Age 8 – “I can achieve anything”
18 – “should I buy a lobster farm?”
28 – “if you are watching this then I have been killed by lobsters”
Last night my wife asked me to grab her keys out of her purse, but instead I found 3 Tupperware lids, 2 socks & a third kid we didn’t know we had
[during sex]
Me: So do you LIKE like me or
Things that are not cool:
– smoking
– having cable
– ant farms
– beyblades
– anyone still reading this
Cop: This is a ticket for drunk and disorderly behavior.
Me: Can I have another? I’d like to bring a guest.
Everyone talks about how good car sex is while I’m still over here trying to have sex with a person first.
heck is a place for people who don’t believe in gosh. danged for eternity.
My children are arguing over who gets to sleep on the top bunk. We don’t have bunk beds.
Life Hack: Get a dog and a cat and name them Resident and Occupant. Now that junkmail isn’t annoying, it’s adorable.

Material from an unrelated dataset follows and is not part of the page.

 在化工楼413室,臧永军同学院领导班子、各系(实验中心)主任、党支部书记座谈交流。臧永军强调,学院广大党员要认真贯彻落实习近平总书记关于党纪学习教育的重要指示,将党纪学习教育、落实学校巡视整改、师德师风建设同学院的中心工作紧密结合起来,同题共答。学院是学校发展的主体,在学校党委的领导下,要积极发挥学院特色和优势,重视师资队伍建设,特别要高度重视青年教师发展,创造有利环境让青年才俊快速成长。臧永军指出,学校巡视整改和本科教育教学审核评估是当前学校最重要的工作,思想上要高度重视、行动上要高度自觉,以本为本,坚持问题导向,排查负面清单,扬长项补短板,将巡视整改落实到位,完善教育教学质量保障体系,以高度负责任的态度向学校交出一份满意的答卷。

Doctor: what seems to be the problem?
Me: I need to be docted
Doctor: you came to the right place. I’m a doctor. I doct people
Remember if a company says “we’re like a family here” they don’t mean like a nice TV family they mean like a normal family where everyone has undiagnosed mental health issues and no one likes each other.
“Sometimes I feel like a woman trapped in a woman’s body” – Russian nesting doll
22 year old me after a night of drinking: “I hope I didn’t do anything stupid.”

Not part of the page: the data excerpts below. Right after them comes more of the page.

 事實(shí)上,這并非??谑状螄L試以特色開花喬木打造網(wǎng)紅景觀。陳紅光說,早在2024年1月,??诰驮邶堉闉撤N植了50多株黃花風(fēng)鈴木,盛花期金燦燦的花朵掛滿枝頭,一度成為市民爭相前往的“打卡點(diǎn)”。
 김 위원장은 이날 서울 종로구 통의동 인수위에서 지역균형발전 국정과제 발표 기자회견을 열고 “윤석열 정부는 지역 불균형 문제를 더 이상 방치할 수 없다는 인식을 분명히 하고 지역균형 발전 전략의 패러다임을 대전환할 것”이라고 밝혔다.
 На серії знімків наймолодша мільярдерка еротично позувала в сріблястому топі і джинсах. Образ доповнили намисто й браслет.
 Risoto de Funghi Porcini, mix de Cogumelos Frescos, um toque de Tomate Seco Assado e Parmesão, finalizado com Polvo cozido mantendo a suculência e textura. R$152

29 year old me: “I hope I didn’t agree to go on a hike.”
Nigella has gone too far this time.
I put up Diwali lights, and can’t wait to flex on other dads by telling them I’m all set for Christmas
I have 2020 vision. My eyesight is terrible but I can see precisely 3 years into the future
They should combine weather forecasts with horoscopes. “Tomorrow there’s a 60% chance of rain and a 40% chance you’ll reconnect with an old friend.”
You’re trying to get me drunk aren’t you?
Me to myself
[calls God on phone]
Hi, can you come get me?
In Canada alcoholics go to EhEh meetings.

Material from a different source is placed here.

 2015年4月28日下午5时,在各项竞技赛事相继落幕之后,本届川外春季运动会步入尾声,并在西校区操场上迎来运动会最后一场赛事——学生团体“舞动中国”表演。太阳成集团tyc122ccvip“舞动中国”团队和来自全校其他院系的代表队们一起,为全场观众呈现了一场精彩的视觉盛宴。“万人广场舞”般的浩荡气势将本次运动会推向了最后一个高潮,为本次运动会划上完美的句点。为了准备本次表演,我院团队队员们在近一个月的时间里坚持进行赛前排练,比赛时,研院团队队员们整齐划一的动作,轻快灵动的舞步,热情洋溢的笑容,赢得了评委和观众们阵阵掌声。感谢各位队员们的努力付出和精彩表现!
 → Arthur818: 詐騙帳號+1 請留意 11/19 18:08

If I hear someone crying I immediately cry louder to establish myself as the dominant sad person in the room
My new oil business is a nonprofit but only because I’m not making any money and just buying yachts.
They built a huge, ugly thought-control tower right next to my house but actually I love it so much
Iron Man died in a house fire from leaving himself on.
What idiot called it jousting and not poker knight?
ME: haha u dare me to take off all my clothes and run thru this park
COP: no
ME: wow I cant believe ur making me do this lol
COP: I’m not
Can’t believe anyone would attack this place
[phone rings]
me: hello?
NASA: this is nasa. stop thinking about peeling the moon like a big orange and eating it.
me: [quickly hangs up]
Telling my kids they can only have one fruit snack per day while I have 400 per day in secret.